Я никогда раньше не видел его глаза так близко. Мой голос был ниже обычного, как будто я позабыл, что у Джима не вулканский слух:
— Если под «диким» ты подразумеваешь «странный», «необычный» или «нелепый», то это несомненно… ново.
Он смотрел мне в глаза с той же напряженной пристальностью, что и 2.98 часа назад, когда я излагал ему свою идею о том, как мистер Скотт может сохранить наши двигатели и не опускать щиты под вражеской атакой, таким образом спасая наши жизни.
Только на этот раз его губы были чуть приоткрыты.
А потом…
— Здорово! — вдруг воскликнул он и оттолкнул меня ладонями. — Чудесно! А теперь я пойду!
— Почему ты кричишь?
— Кричу?! — Густо покраснев, он с ненужной силой ударил по кнопке вызова турболифта.
— Да, кричишь.
— Ну извини. — Он упорно отводил взгляд. — Я пошел в инженерный, помогу Скотти. Мостик твой, окей?
— Вас понял.
Двери открылись, и он зашел в лифт.
— Я рад, что мы все прояснили, Спок. Я имею в виду, насчет… нас, и я рад, что ты, то есть, что мы можем… — Он вздохнул и опустил глаза, так что не увидел, что двери начали автоматически закрываться. — Что мы можем…
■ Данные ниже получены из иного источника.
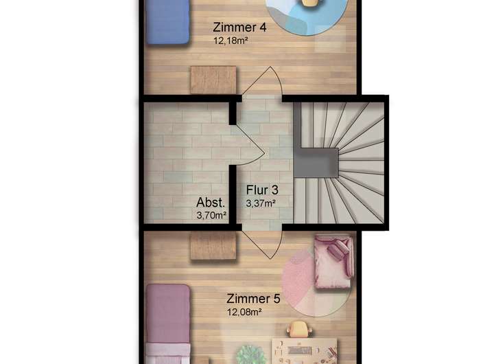 Im Dachgeschoss sind zwei großzügige Zimmer um Ihren Wohntraum zu vollenden. Ob Homeoffice, Kinderzimmer, Gästezimmer oder Fitnessraum. Sie haben hier Ihren Freiraum. Zusätzlich befindet sich auch hier noch ein komfortabler Abstellraum.
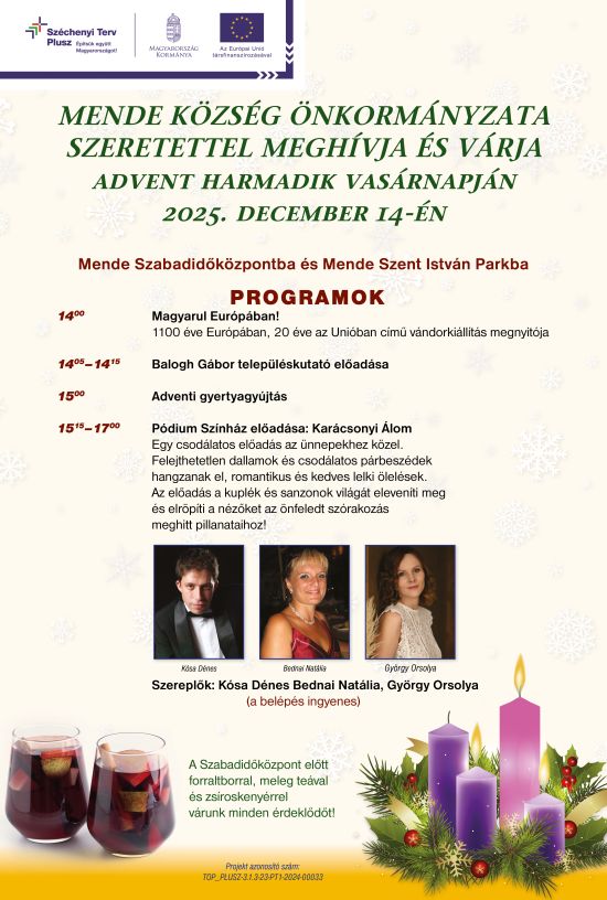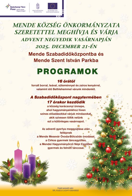 Szeretettel várjuk Önöket a IV. Adventi Vasárnap rendezvényén!

Я шагнул вперед, но турболифт закрылся прежде, чем он успел закончить фразу, и 0.37 секунды спустя я услышал его движение вниз.
Я уперся лбом в прохладную поверхность и втянул острый запах полировки, металла и дыма. Несмотря на уверенность Джима и мои собственные слова, я знал, что вопрос еще не решен.
По некой причине я не мог избавиться от мысли, что все это было лишь началом.